Anatoly Lein era nato il 28 marzo del 1931 a Leningrado, dove studiò e visse per molti anni. Nel 1964 conquistò il titolo di Maestro Internazionale, nel 1968 quello di Grande Maestro. Soltanto ciò può bastare a comprendere il suo valore: in quegli anni era già difficile emergere in URSS a causa della durissima concorrenza, e ancor più difficile era raggiungere il titolo di GM, estremamente più difficile di oggi, specialmente giocando all’interno dell’Unione Sovietica. Oso dire che mediamente un MI di quel tempo valeva quanto un GM di oggi. Oppure, se preferite, parecchi GM di oggi, specialmente europei, valgono a stento un MI degli anni Sessanta.

Ma questo è un altro argomento. Torniamo al nostro Anatoly e alla mia visita di allora al Centro Sportivo del Banco di Roma, che poi sarebbe stata la sede anche di tutte le successive edizioni del Torneo, anticipate però di qualche mese.
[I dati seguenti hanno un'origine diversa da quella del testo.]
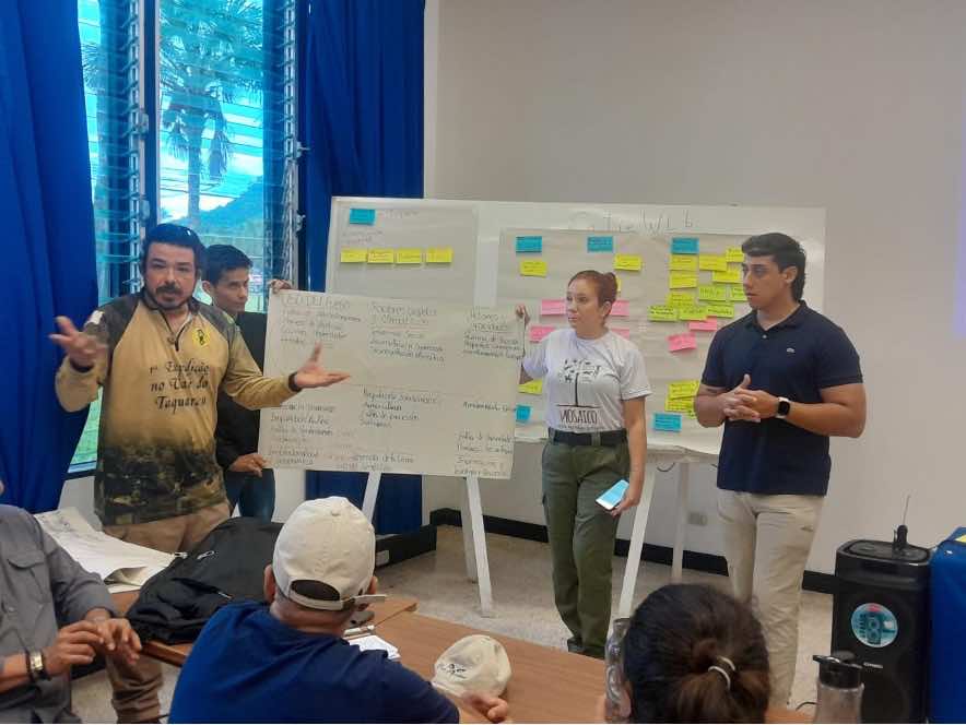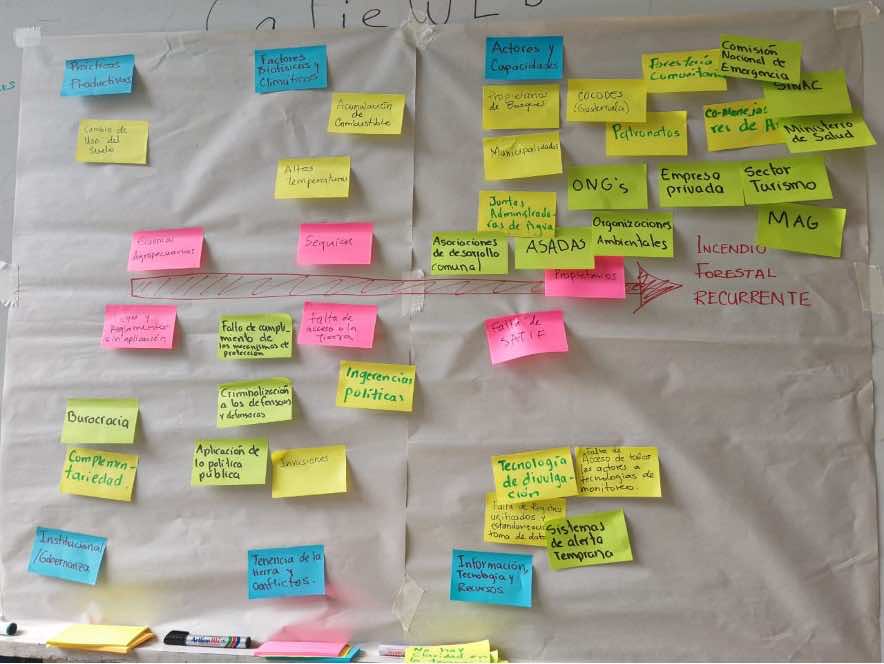 Durante el taller se realizaron múltiples actividades grupales en donde los representantes de los BM trabajaban en conjunto para reunir sus perspectivas individuales en una visión regional sobre aspectos vinculados con la gobernanza del fuego. Algunos de los conceptos trabajados en estas sesiones grupales incluyeron: la identificación de causas de incendios, los actores involucrados en la gestión del fuego, la disponibilidad o falta de información relevante.

Il 24 aprile ero lì puntuale, a seguire le partite del primo turno. Ricordo ancora quel nebbioso e piovoso aprile del 1976, uno dei più piovosi nella storia recente della città. Forse anche a motivo di ciò c’erano pochissime altre persone nell’ampio e comodo spazio riservato al pubblico. Meglio. Così ebbi la possibilità sedermi di fronte al tavolino dell’incontro “Lein-Bilek” (e oggi mi comprenderanno e perdoneranno certamente Sergio Mariotti e gli altri giocatori italiani presenti in quella manifestazione).

Sarà perché era la prima partita fra due Grandi Maestri che potevo seguire dal vivo, ma veramente mi parve una bella ed emozionante partita, una schermaglia di alfieri e torri con tema due pedoni isolati, uno per parte. Prevalse Lein dopo 41 mosse e fu l’inizio di una sua inarrestabile corsa di testa, mentre per l’ungherese si trattò di un torneo da dimenticare. A minacciare il sovietico fu a lungo soltanto Bela Toth, al vertice della sua forma e molto combattivo. Ma poi nello scontro diretto Lein ebbe la meglio e si disegnò questa classifica finale: 1.Lein p.7,5 su 10, 2.Toth 6,5 3.Zichichi e Kirov 6 5.Tatai 5,5 6.Mariotti 5 7.Bukic 4,5 8.Primavera R. e Bilek 4 10.Valenti 3,5 11.Coppini 2,5. Ricordo, tra le altre cose, un entusiasmante torneo anche da parte di Zichichi, penalizzato da una imprevista battuta d’arresto contro Valenti.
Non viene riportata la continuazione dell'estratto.